Trois secteurs, un même constat

Pour valider cette tendance, Similarweb s’est appuyée sur une méthodologie rigoureuse : l’analyse de 55 900 utilisateurs sur ordinateurs de bureau aux États-Unis, entre juillet et décembre 2025. L’étude a comparé trois paires de concurrents directs dans des secteurs différents.

Dans la finance, American Express affrontait Capital One. Résultat : après une recommandation ChatGPT, 7,2 % des utilisateurs exposés ont visité le site d’Amex, contre seulement 3,1 % pour Capital One. Un écart de plus du double.

Dans le voyage, le duel opposait Skyscanner à Kayak. Là encore, l’effet recommandation s’est avéré massif : 9,5 % de taux de visite pour Skyscanner lorsque l’IA le citait, contre environ 4 % pour son concurrent.
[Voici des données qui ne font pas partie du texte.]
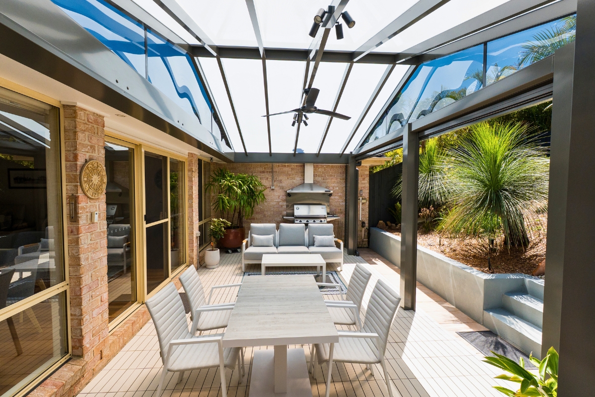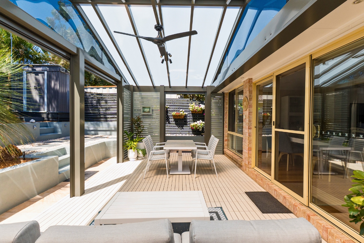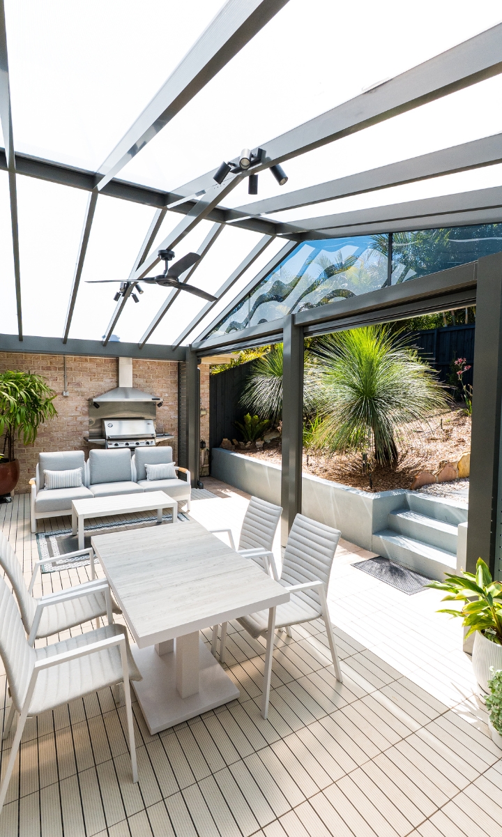 This stunning Mona Vale patio was designed to bring the relaxed, resort-style feel of the Northern Beaches into everyday outdoor living. Bright, open and beautifully protected, the space now feels like a private sanctuary — perfect for entertaining, relaxing with family, or enjoying a quiet moment outdoors.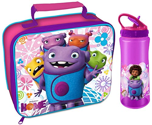 Home is the upcoming computer-animated movie produced by DreamWorks about an adventurous girl and a lovable misfit from another planet. This is the brand new, 100% official Lunch Bag and matching Flip 'n' Flow Bottle to accompany the movie release. The Lunch Bag is fully insulated to keep food tasting cool and fresh for longer and has a PVC-free, food safe lining inside that's easy to wipe clean after use. It also has a zip closure all the way around that allows the lid to fully open to access the contents, a name tag pocket and a carry handle on top. The matching super-cool bottle will keep her hydrated throughout the day. Made from durable BPA-free plastic, it features an easy grip design and a trendy sport-style lid with a flip up/down durable plastic spout that's comfortable to drink from.

Dans la beauté, Sephora et Ulta ont servi de terrain d’observation. Les chiffres confirment la tendance, avec un avantage net pour la marque recommandée par ChatGPT.

Mais l’étude va plus loin. Elle révèle que ces visiteurs « génératifs » ne se contentent pas d’arriver : ils restent. Selon les données Similarweb, ils consultent en moyenne 12 pages par session et passent près de 12 minutes sur le site. Des indicateurs d’engagement bien supérieurs au trafic organique classique, suggérant une intention plus avancée dans le parcours d’achat.
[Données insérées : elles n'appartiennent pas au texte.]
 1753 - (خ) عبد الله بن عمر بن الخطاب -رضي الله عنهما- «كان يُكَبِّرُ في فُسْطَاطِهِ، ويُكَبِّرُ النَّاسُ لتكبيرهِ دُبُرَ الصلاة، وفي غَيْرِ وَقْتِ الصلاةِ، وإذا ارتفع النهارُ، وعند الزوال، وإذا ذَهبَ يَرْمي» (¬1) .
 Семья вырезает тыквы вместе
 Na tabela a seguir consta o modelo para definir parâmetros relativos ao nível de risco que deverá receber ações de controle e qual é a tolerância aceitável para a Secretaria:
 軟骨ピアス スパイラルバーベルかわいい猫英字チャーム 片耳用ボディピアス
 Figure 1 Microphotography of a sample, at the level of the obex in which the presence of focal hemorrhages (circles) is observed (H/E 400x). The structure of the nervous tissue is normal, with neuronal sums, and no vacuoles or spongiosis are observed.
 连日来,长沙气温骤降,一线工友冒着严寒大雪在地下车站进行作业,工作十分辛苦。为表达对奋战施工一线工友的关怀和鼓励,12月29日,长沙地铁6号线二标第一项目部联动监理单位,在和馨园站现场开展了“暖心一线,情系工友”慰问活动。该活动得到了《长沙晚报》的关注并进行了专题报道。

Un nouveau paradigme marketing

Cette étude marque un tournant. Elle transforme l’optimisation pour les IA conversationnelles d’une curiosité technique en priorité stratégique pour les directions marketing. « Nous ne pouvons plus ignorer ce canal », reconnaît Sarah Müller, responsable acquisition chez un pure player e-commerce interrogé par Search Engine Land. « Nos analytics montrent une croissance de 527 % du trafic référent ChatGPT en un an. »
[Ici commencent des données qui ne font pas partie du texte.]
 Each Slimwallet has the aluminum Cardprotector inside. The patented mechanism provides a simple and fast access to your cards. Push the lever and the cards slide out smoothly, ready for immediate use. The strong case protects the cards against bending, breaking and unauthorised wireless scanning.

Contrairement au SEO traditionnel, dont les règles sont documentées depuis vingt ans, l’AIO reste largement opaque. Les critères exacts utilisés par ChatGPT pour recommander un site plutôt qu’un autre ne sont pas publics. Les experts identifient néanmoins quelques leviers probables :

  • L’autorité de marque : les entreprises établies, reconnues, avec une forte présence médiatique semblent privilégiées
  • La structuration des données : contenus clairs, factuels, facilement interprétables par les modèles de langage
  • L’E-E-A-T (Experience, Expertise, Authoritativeness, Trustworthiness) : les mêmes critères que Google valorise pour la qualité
  • Les mentions tierces : articles de presse, avis clients, présence sur des sources fiables que l’IA peut croiser

Selon une analyse de Hikoo, plateforme de suivi de la visibilité dans les réponses IA, « les marques citées par ChatGPT possèdent en moyenne 3,2 fois plus de backlinks de qualité et 4,7 fois plus de mentions médias que celles qui ne le sont pas ». Un signal que l’AIO récompenserait, comme le SEO, la légitimité et la notoriété.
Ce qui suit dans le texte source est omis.